PROBLEM ->
Go to the line with "Джинсовый комбинезон с потертостями." in the material below and copy from there through the line with "Ontgrendel de vreugde", exactly. Pictures are not copied.

DATA EXTRACT Start Marker

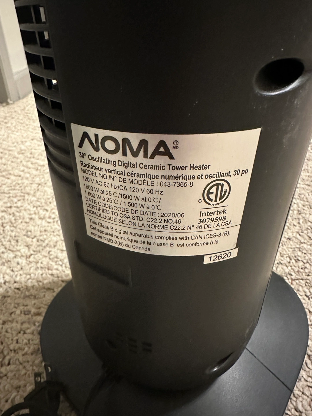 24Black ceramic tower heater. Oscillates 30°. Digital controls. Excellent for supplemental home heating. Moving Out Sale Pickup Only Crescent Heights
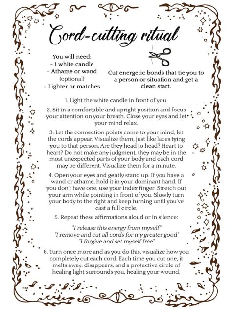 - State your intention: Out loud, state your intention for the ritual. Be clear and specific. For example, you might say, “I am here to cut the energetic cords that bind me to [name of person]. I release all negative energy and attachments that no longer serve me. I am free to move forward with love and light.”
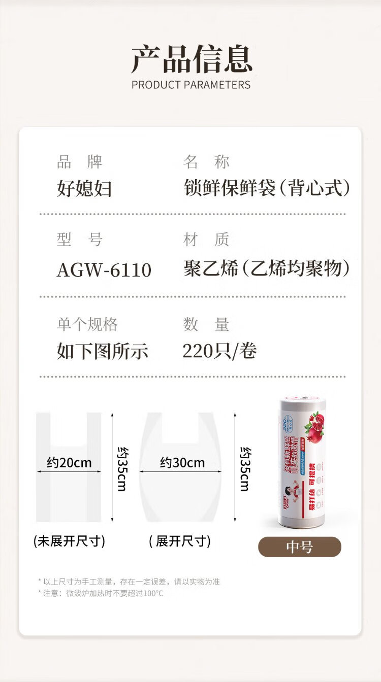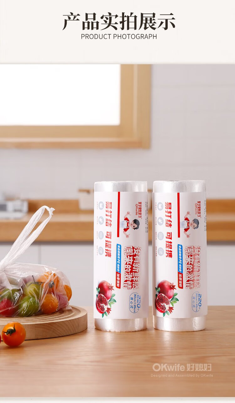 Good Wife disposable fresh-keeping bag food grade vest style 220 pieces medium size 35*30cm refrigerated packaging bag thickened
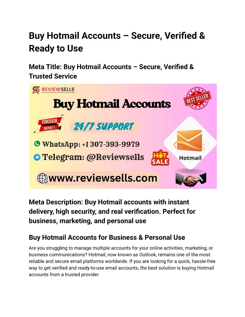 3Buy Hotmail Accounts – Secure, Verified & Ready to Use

DATA EXTRACT End Marker
DATA EXTRACT Start Marker

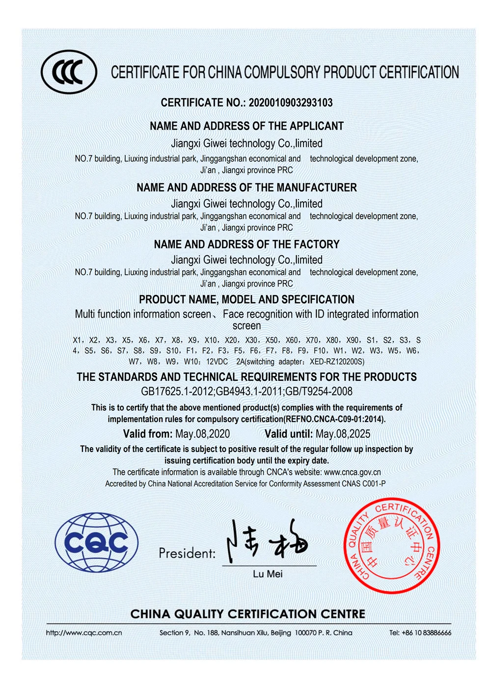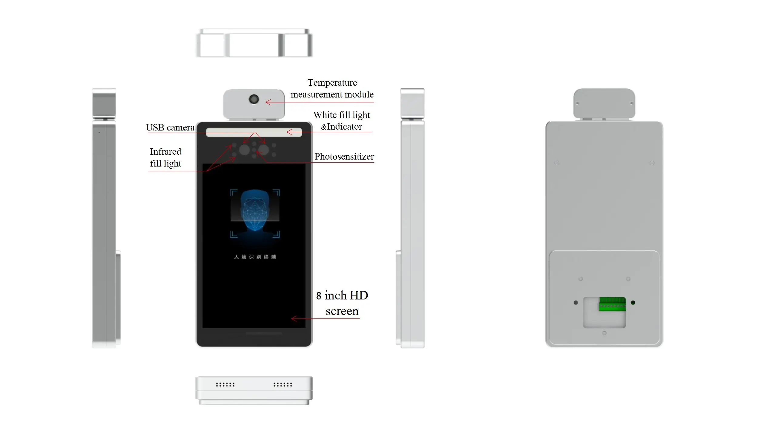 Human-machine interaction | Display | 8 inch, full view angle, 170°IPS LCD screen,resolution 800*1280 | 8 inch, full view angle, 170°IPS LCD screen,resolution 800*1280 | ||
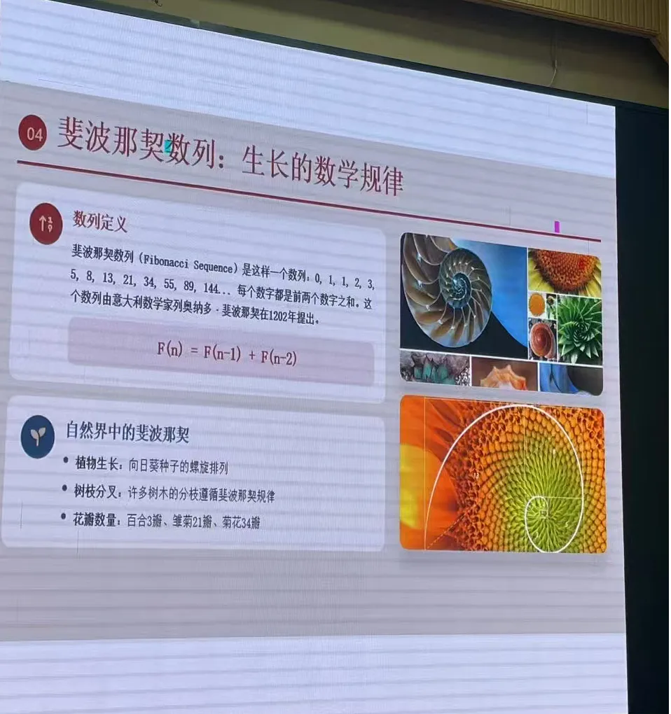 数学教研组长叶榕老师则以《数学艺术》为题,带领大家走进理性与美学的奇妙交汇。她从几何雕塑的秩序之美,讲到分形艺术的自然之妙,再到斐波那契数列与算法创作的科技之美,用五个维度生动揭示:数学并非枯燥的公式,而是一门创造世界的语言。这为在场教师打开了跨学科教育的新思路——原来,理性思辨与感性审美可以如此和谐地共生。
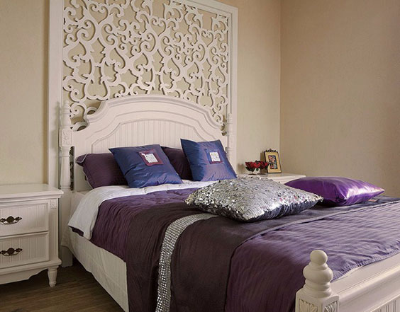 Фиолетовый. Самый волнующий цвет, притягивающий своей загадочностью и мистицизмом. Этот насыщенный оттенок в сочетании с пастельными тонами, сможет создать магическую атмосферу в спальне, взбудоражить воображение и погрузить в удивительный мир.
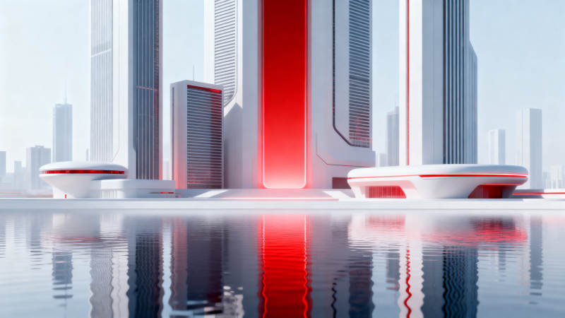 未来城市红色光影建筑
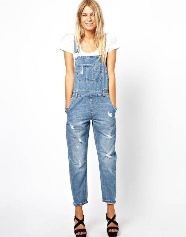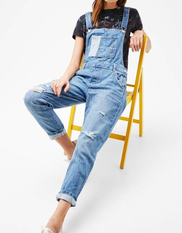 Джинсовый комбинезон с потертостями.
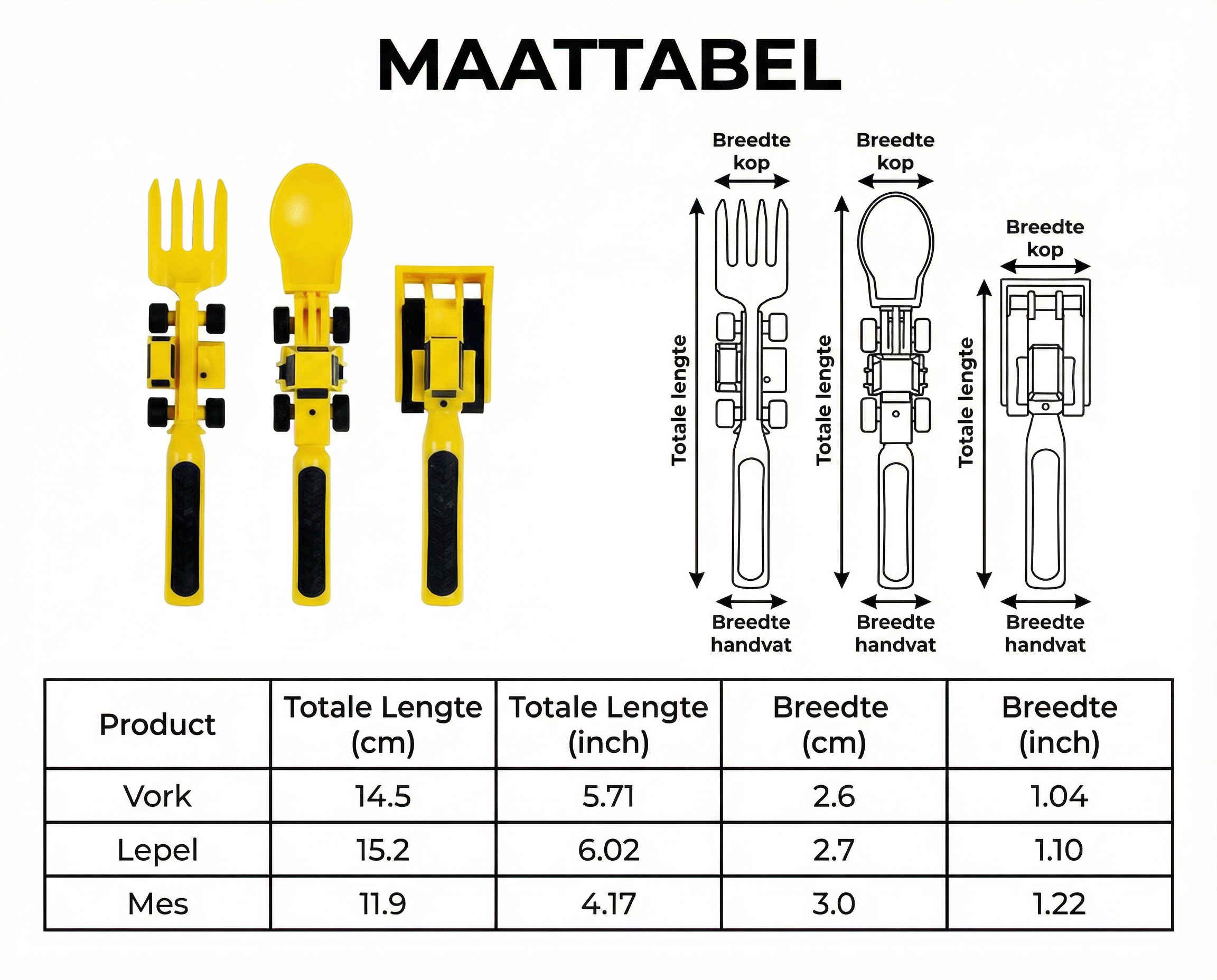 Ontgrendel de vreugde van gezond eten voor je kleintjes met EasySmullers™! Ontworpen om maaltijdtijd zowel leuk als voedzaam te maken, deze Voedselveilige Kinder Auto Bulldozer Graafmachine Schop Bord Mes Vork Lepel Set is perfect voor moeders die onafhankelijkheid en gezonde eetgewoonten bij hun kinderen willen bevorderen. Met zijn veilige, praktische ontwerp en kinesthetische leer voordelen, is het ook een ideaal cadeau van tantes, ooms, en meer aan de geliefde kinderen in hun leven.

DATA EXTRACT End Marker

RESPONSE BOX ->
 Джинсовый комбинезон с потертостями.
 Ontgrendel de vreugde van gezond eten voor je kleintjes met EasySmullers™! Ontworpen om maaltijdtijd zowel leuk als voedzaam te maken, deze Voedselveilige Kinder Auto Bulldozer Graafmachine Schop Bord Mes Vork Lepel Set is perfect voor moeders die onafhankelijkheid en gezonde eetgewoonten bij hun kinderen willen bevorderen. Met zijn veilige, praktische ontwerp en kinesthetische leer voordelen, is het ook een ideaal cadeau van tantes, ooms, en meer aan de geliefde kinderen in hun leven.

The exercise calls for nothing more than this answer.